Several hours earlier, I had looked at that same neoclassical structure in awe. We stood pinched between the imposing court and the majestic Capitol, and though I had been there before, this time, with a half-decade more maturity and understanding, my appreciation and veneration of the site had immeasurably grown. Approaching the court for our meeting with Justice Antonin Scalia, I read the words “Equal Justice Under Law” chiseled in its marble facade, and I was filled with pride at this concept, so revolutionary in its day, so vital to human freedom and happiness, so distinctly American.
Our group made its way through the growing crowds toward the National Mall, where the march was to begin. Approaching the throngs, I was first struck by the placidity of the crowd and the individuals who comprised it. This was not the gaggle of ranting and raving radicals that some might deceitfully depict. But most striking and unexpected of all was the number of young people in the march.

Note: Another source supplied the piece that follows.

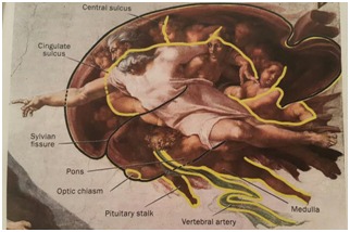 Vatikan’da Sistine Şapeli’nin tavanında bulunan Adem’in Yaratılışı freski her yıl milyonlarca ziyaretçi çeken büyüleyici bir çizimdir. Yüzlerce yıldır orada bulunmasına rağmen, freskteki detaylar 1990 yılında nörobilim uzmanı Dr. Frank Lynn Meshberger tarafından ziyaret edilene kadar kimsenin dikkatini çekmemişti. Anatomi alanındaki detaylı çizimleriyle bilinen Michelangelo’nun en ünlü eserlerinden biri kabul edilen bu freskte, Tanrı’nın arkasına anatomik olarak tam doğrulukta çizilmiş bir beyin resmi bulunuyor. Fresk, yakından incelendiğinde çizimdeki sınırlar beynin iç ve dış yüzeyindeki oluklara, beyin sapına ve hipofiz bezine denk geliyor.

The pro-life movement, it turns out, is a youth movement. From young children to young adults, the march and the movement it represented was invigorated by the disproportionate presence of youth. Colleges and universities from across the region and nation were represented. In only the small slice of the march that I could see, the flags of Princeton, Yale, Notre Dame, the University of Delaware and innumerable smaller institutions flew proudly. High schools and church groups sent prayerful delegations of teenagers drawn to America’s capital by neither obligation nor promise of personal gain, but by some stronger and more important force.
This raises the question: Why are so many young people attracted to the pro-life cause? The movement is deeply moral, political and intellectual. It is a long-term struggle, with success not guaranteed within a lifetime. The march itself took place on a cold weekday hundreds, if not thousands, of miles away from the homes of these youth. The right for which they are fighting — the right to life for the unborn — is not their own, nor is it applicable to anyone they know. Every characteristic of the pro-life movement suggests its unattractiveness to youth. And yet they come.
As we approached the Court, the mood became increasingly solemn, and as conversations grew quieter and prayers grow louder, the solution to this paradox became clear. The animating force that unites the pro-life movement is both profound and basic; it is foundational to the human experience. It is simple enough to be perceived by the youngest among us, but its philosophical underpinnings go to the heart of modern intellectualism. It is a force so thoroughly human that it pervades all human endeavors.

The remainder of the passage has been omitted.